#### Material for this task
-------------------------
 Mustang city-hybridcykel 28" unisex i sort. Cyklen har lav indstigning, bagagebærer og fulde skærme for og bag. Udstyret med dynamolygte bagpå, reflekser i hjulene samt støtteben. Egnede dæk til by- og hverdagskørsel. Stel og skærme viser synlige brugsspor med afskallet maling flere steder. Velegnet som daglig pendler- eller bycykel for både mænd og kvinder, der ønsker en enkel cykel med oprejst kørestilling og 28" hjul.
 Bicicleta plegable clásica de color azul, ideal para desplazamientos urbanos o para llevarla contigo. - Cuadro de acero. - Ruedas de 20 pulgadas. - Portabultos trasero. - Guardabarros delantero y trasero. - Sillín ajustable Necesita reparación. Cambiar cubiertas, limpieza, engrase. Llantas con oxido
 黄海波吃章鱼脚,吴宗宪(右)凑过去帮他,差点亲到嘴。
-------------------------
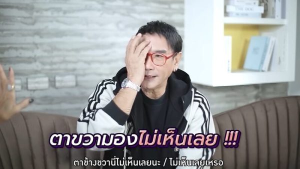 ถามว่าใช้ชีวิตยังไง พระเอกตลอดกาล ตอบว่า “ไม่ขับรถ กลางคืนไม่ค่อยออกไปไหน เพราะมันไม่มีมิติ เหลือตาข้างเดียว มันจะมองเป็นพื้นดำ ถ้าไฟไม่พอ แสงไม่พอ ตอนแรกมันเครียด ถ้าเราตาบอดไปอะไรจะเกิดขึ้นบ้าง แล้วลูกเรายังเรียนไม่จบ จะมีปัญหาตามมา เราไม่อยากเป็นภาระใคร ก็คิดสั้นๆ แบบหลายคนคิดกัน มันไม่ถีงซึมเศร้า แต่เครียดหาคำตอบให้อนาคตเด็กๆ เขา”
-------------------------
#### Exercise prompt
Look back at the entries above. Retype the line with "unisex i sort.", the line with "黄海波吃章鱼脚,吴宗宪(右)凑过去帮他,差点亲到嘴。", and all lines in between.

#### Task result
 Mustang city-hybridcykel 28" unisex i sort. Cyklen har lav indstigning, bagagebærer og fulde skærme for og bag. Udstyret med dynamolygte bagpå, reflekser i hjulene samt støtteben. Egnede dæk til by- og hverdagskørsel. Stel og skærme viser synlige brugsspor med afskallet maling flere steder. Velegnet som daglig pendler- eller bycykel for både mænd og kvinder, der ønsker en enkel cykel med oprejst kørestilling og 28" hjul.
 Bicicleta plegable clásica de color azul, ideal para desplazamientos urbanos o para llevarla contigo. - Cuadro de acero. - Ruedas de 20 pulgadas. - Portabultos trasero. - Guardabarros delantero y trasero. - Sillín ajustable Necesita reparación. Cambiar cubiertas, limpieza, engrase. Llantas con oxido
 黄海波吃章鱼脚,吴宗宪(右)凑过去帮他,差点亲到嘴。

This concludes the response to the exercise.